Easing file recovery

By Paul Murphy, author of The Unix Guide to Defenestration

If you're a typical Solaris sysadmin you just live for those phone calls in which some user tries desperately to move his or her emergency file recovery to the absolute top of the data center's priority list. Well, maybe not - but there is something you can do to help both the user and yourself here.

Take a long hard look at non PC file recovery requests over a month or two and you'll probably notice that there's a pattern to them with 70 to 95% of the requests coming from 10% of the requestors. In most cases these cover the same systems too, most commonly a file that automatically gets deleted on completion of some process. Many companies, for example, have GL or other financial applications update processes that start with the daily transfer of a text file from another company or division. Since those files are usually erased a day or two after process completion, a user who wants to verify a result or rerun an update has to call you to ask for a file recovery.
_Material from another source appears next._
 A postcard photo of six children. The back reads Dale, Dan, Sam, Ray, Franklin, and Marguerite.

It's easy to make this process hard enough on users so that they don't call you so often, but what they tend to do instead is copy the files to their PCs and cause absolute chaos when they update the system after having uploaded the wrong recovery files. The smarter thing to do, therefore, is to find ways of making recovery quick and easy.

My strategy for this is to set up a directory heirarchy reflecting the applications to which file transfer apply and then modify the delete part of the run time process to squirel away a copy of the file into the right spot in this heirarchy with its orginal name modified to add the date and time. A shipping information file, for example, might go into

/murphbk/orafin/inv/joe_s_trucking/pickups_ThuJan812:03:052004.gz

Once you've got this working and have developed a backlog of files, you can usually deal with user file recovery requests while the user is on the phone with you.
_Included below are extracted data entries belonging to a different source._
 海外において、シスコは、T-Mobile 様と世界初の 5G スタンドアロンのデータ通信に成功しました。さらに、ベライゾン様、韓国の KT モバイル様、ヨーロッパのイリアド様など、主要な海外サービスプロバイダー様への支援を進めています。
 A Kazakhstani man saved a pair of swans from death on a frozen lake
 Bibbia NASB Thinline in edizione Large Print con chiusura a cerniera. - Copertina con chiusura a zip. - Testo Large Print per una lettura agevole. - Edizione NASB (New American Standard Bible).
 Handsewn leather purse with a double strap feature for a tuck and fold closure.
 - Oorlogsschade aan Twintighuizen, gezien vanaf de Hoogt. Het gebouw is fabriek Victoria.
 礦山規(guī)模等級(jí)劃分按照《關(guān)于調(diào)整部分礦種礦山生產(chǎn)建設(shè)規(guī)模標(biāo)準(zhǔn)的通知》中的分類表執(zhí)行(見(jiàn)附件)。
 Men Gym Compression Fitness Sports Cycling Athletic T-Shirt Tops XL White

There are some housekeeping issues to watch out for:

  1. Don't stop making and testing the normal backups!

  2. Make sure your copies don't change permissions. The utility of 'umask 0000' differs by Unix variant so test to be sure but, generally, cp to a directory tree made with umask set to 0000 will preserve permissions.
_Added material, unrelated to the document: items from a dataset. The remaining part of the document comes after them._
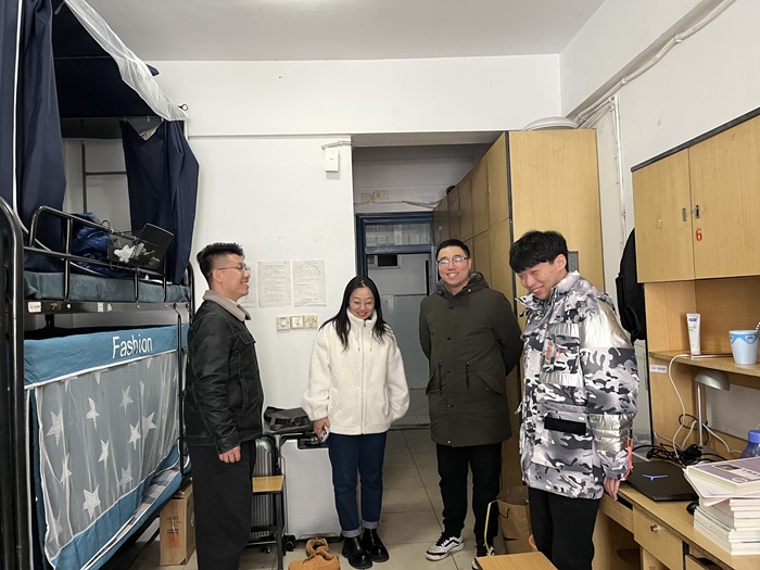 为深入了解学生开学阶段的思想状态和适应情况,2月25日下午,外国语学院党委书记王毅,院长张鑫,党委副书记兼副院长李晓曼,副院长李世存和全体辅导员老师共同深入学生宿舍,与学生面对面了解详细情况,解决实际问题。
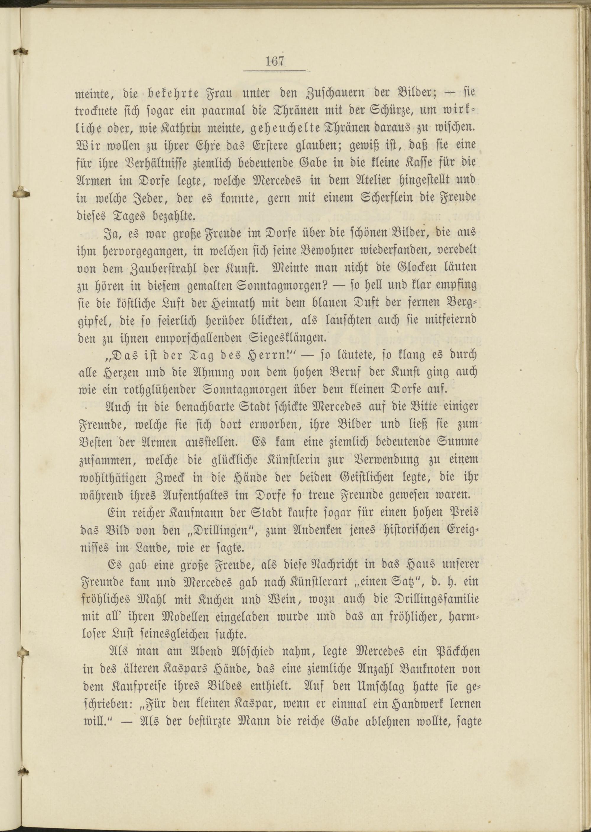 Auch in die benachbarte Stadt schickte Mercedes auf die Bitte einiger Freunde, welche sie sich dort erworben, ihre Bilder und ließ sie zum Besten der Armen ausstellen. Es kam eine ziemlich bedeutende Summe zusammen, welche die glückliche Künstlerin zur Verwendung zu einem wohlthätigen Zweck in die Hände der beiden Geistlichen legte, die ihr während ihres Aufenthaltes im Dorfe so treue Freunde gewesen waren.
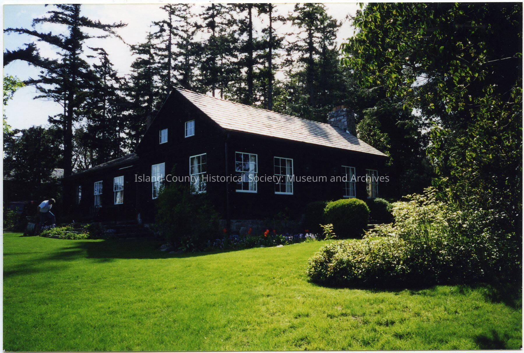 Photo of a house with four windows on the front - two either side of the door, two upstairs, and more along the long side. Stone chimney on the right. Trees, bushes and flowers. Person gardening on the left.
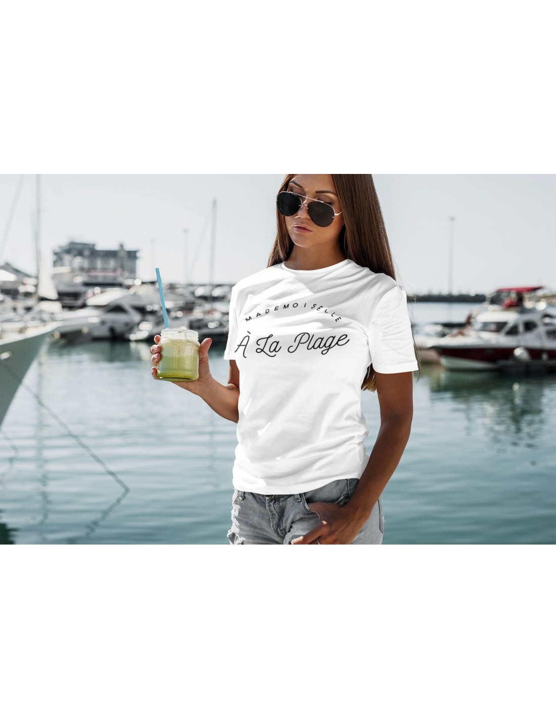 T-shirt Femme T-shirt Femme Mademoiselle a la Plage – Style & Douceur Imprimé en France
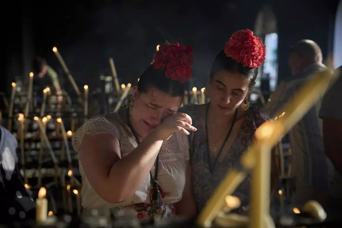 Pilgrims react as they light candles at the shrine of El Rocio near Aznalcázar, Spain, on Saturday June 7, 2025, during the annual pilgrimage in which hundreds of thousands of devotees of the Virgin del Rocio converge in and around the shrine. (AP Photo/Emilio Morenatti)
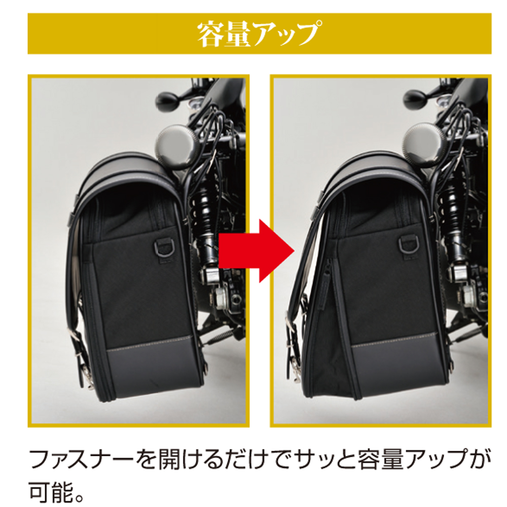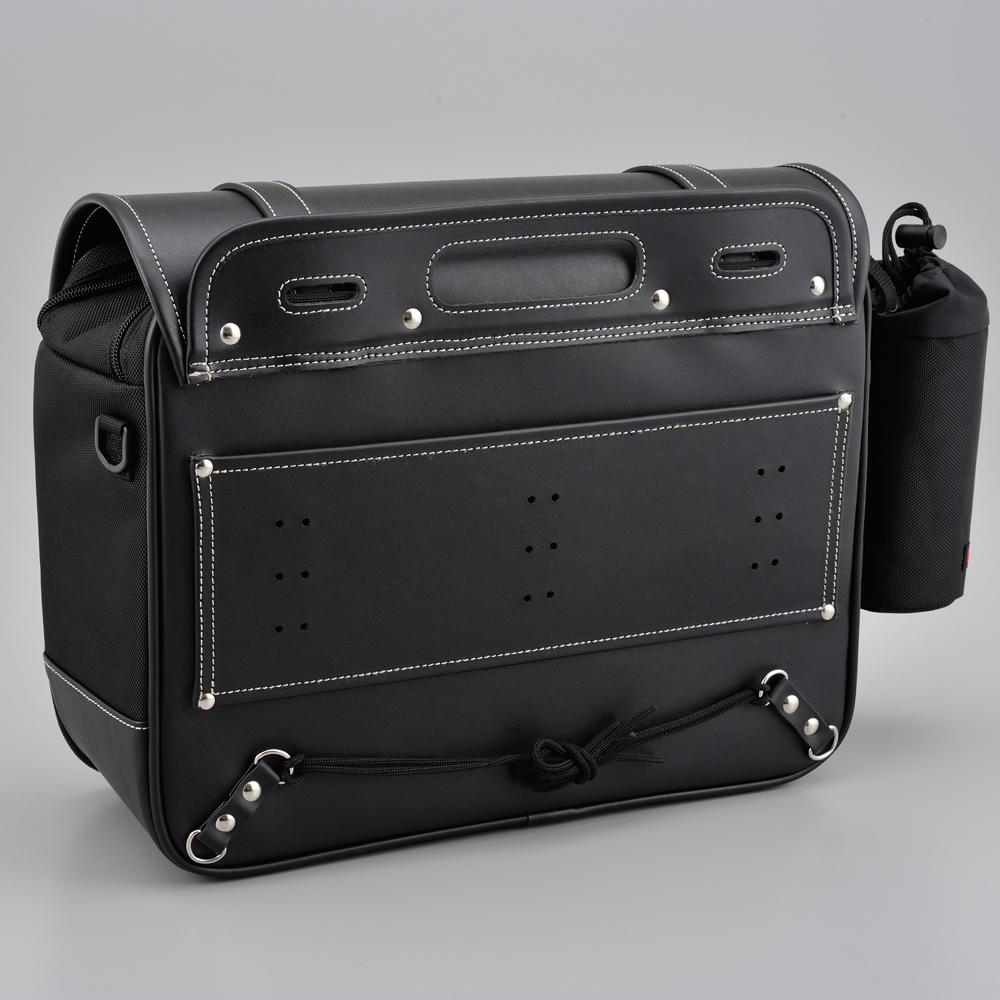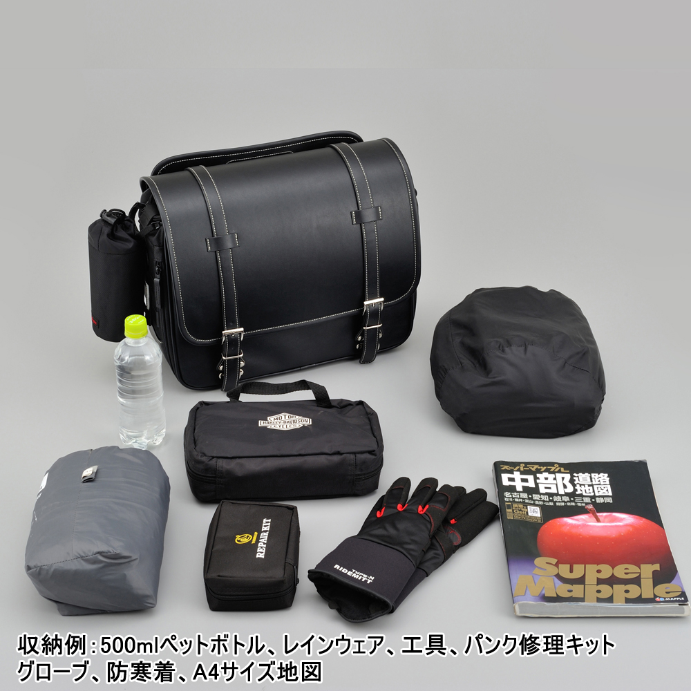 日帰りツーリングに最適な18リットルのサドルバッグ。長方形のスタンダードなシルエットは飽きることなく末永くご愛用いただけます。バック背面に別売のサドルバッグサポートを差し込むためのベルトを採用。走行時にバッグが振れて傷つくことから防止します。商品構成:バッグ本体、ボトルホルダー、レインカバー、ひも×2、合皮固定ベルト×2、ナイロン固定ベルト×2、アジャスター25mm用×2サイズ:縦300×横400×厚み150(mm)バッグ素材:合成皮革×1680Dナイロン※バッグの装着にはサドルバックサポートとの同時装着が必要。※最大積載重量:5kg

  3. Although these are normally text files that compress very well, you'll still need to do cleanups. A daily cron job along the lines of 'find /murphbk -ctime 70 -exec rm {}\; ' will do nicely. Note that's just a bit over two months - because a week after month end is often a hot time for these requests.

  4. In some cases users will want to manipulate the file before uploading it to the application itself. For those, it's usually best to store the file both immediately after it arrives; i.e. as part of the transfer process; and, after the upload process.

You will always get outlier requests that you have to go to the tape vaults for, but automating the process of maintaining the on line backups and indexing that by application name generally makes the whole thing a lot less painful for you, and a lot more effective for the users.